AIをめぐる会話には、アーティストが消え、機械だけが作品を作り上げるというバージョンが存在する。そのバージョンに人々が怒りを感じる理由は理解できるし、私自身もそれは望んでいない。だが、実際に私が体験したものは、それよりもずっと関わりが深く、楽しく、興味深いものだった。

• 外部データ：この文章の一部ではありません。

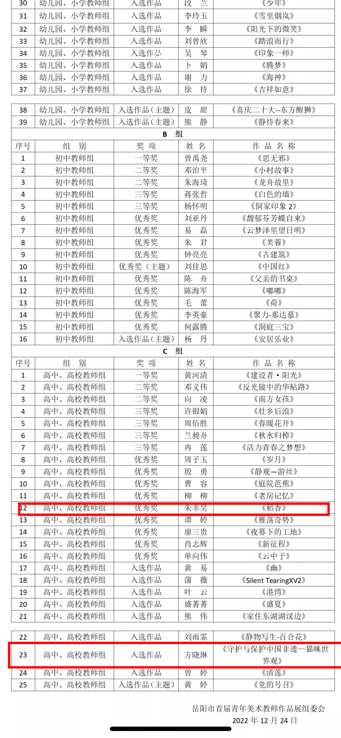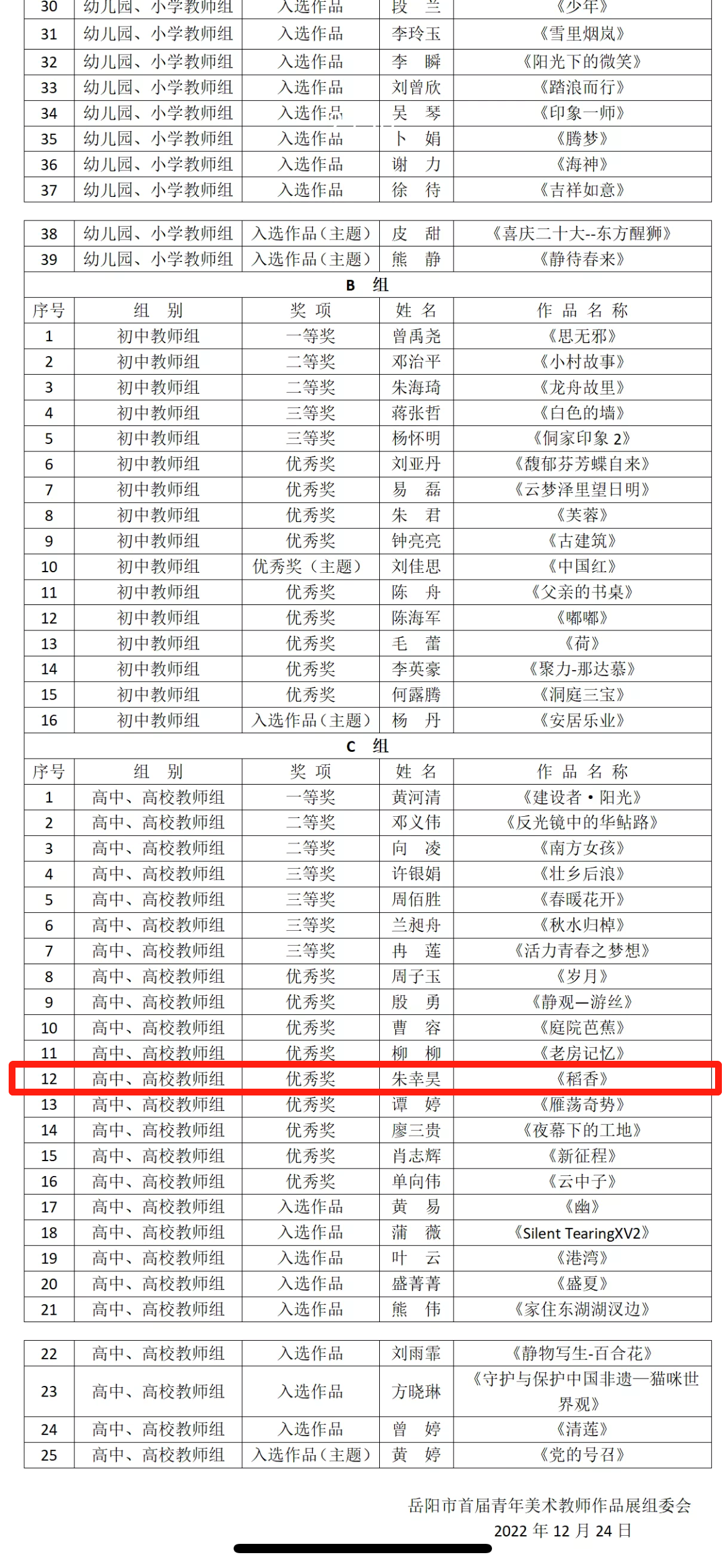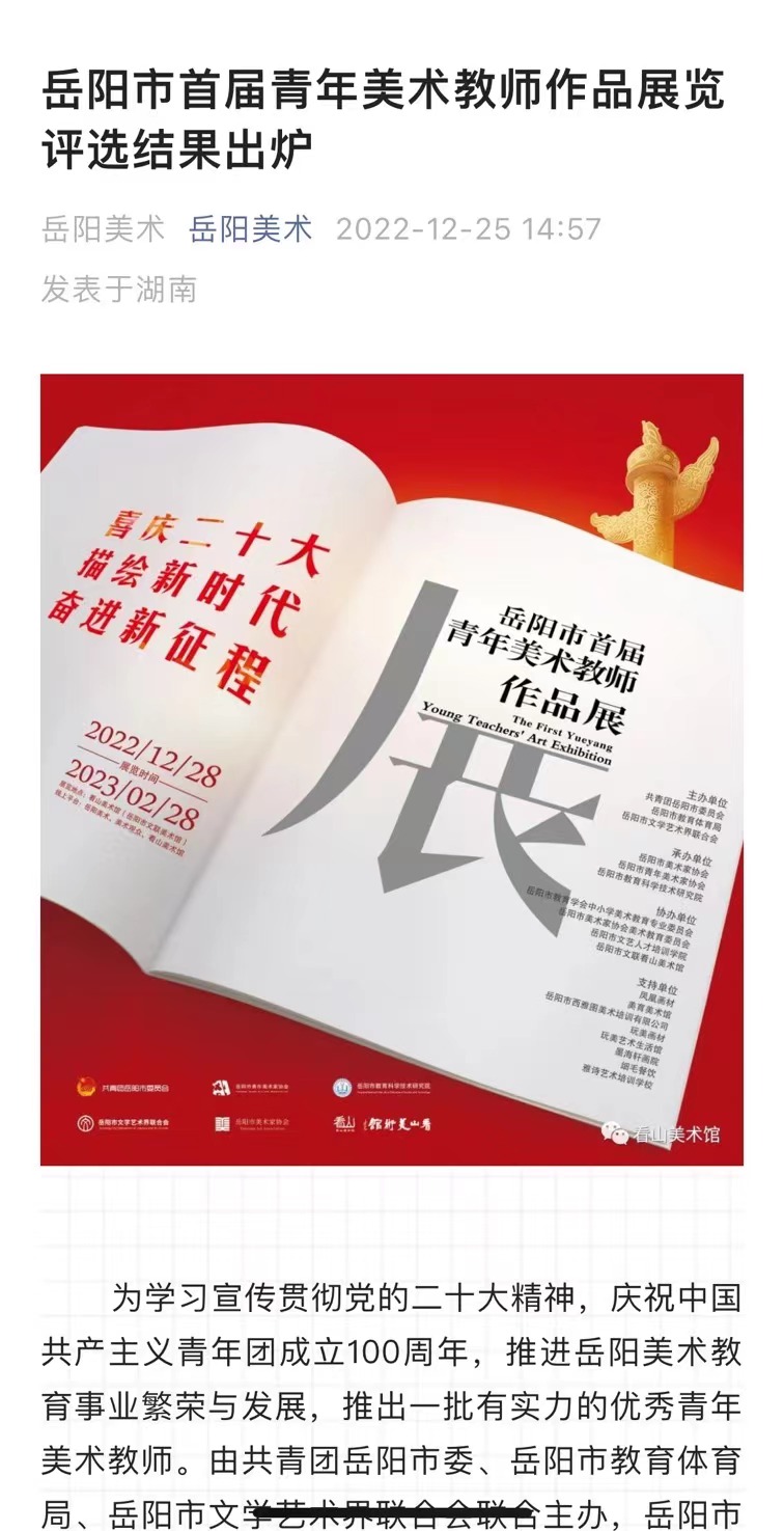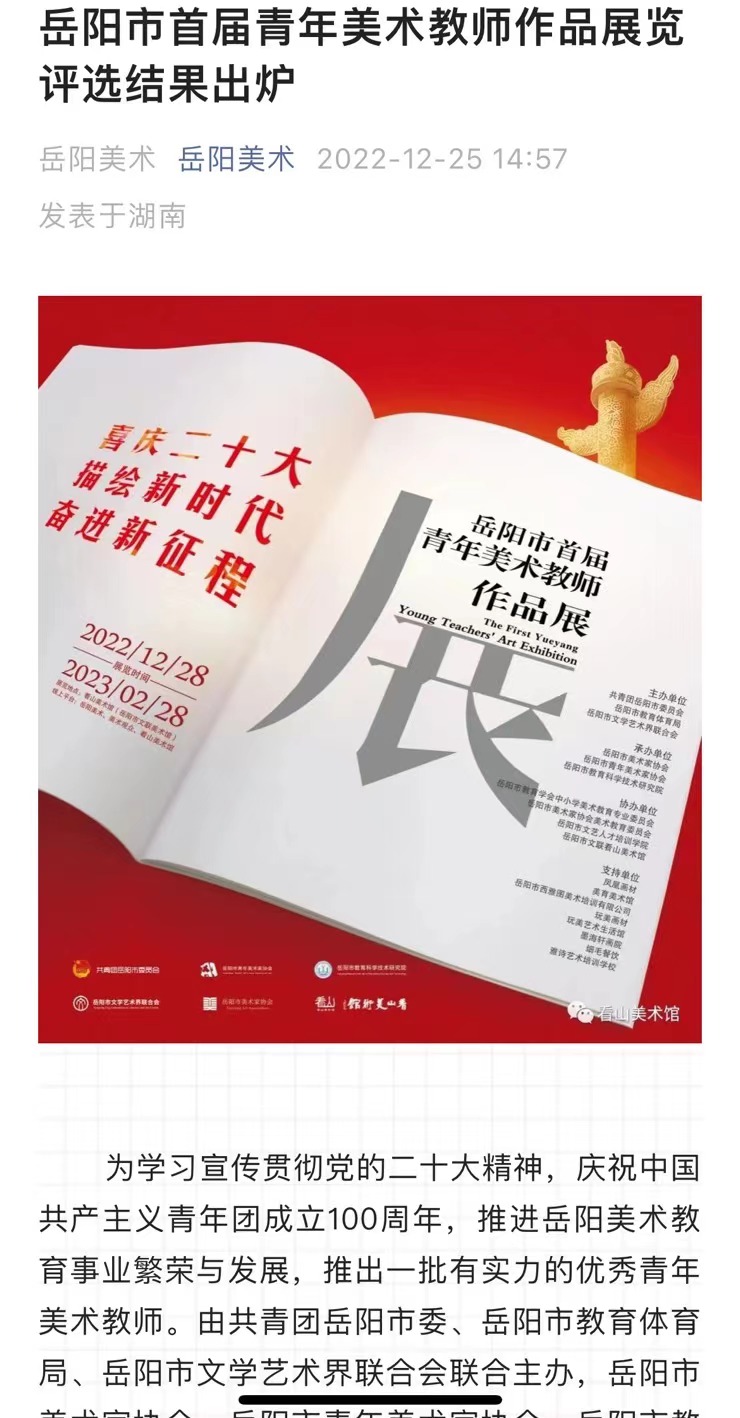 12月25日,岳阳市首届青年美术教师作品展览评选结果出炉。我校两位青年美术教师朱幸昊、方晓琳获得入展资格。其中朱幸昊老师的水粉作品《稻香》获得“高中、高校教师组”优秀奖。本次活动由共青团岳阳市委、岳阳市教育体育局、岳阳市文学艺术界联合会联合主办,岳阳市美术家协会、岳阳市青年美术家协会、岳阳市教育科学技术研究院联合承办。

それでも私は多くの判断を下さなければならなかった。何がおかしいのかを見極める必要があった。良い部分を悪い部分から救い出す必要があった。画像を別のプログラムに持ち込み、手を動かして直す必要があった。フレームを選び、シーンを形作り、いつ「正しい感覚」になったかを判断する必要があった。
だから、アート志向の人々がAIを単なる「怠け者のボタン」として切り捨てるとき、その疑念は理解できる。だが同時に、そのボタンの周りでどれだけの作業が行われているかを、彼らは過小評価しているのではないかとも思う。
もしかすると、作業の形そのものが変わるのかもしれない。ある部分は速くなり、ある部分は奇妙になるのかもしれない。技術は外から説明しづらい場所へと移っていくのかもしれない――画像の準備、シードの選択、出力の修正、偶然の発見、カットとカットの間の連続性の構築、機械が斜め方向に夢を見続ける中で世界の一貫性を保つこと。
私には、それが創造的な作業が減っているようには思えない。
それはむしろ、別の種類の負荷のように聞こえる。
そして少なくとも私にとって、その負荷は何かを開いてくれた。頭の中に漂わせたままだったシーンたちが、突然行き場を得た。ラフな絵にも、ページの先に別の人生が生まれた。「役に立たない」美しいものを作るという発想が、もうそれほど遠く感じられなくなった。
それが私の言う「堰が切れる」という意味だ。すべてが簡単になったわけではない。
ただ、初めて、多くのことが「始めるのに十分可能」だと感じられたのだ。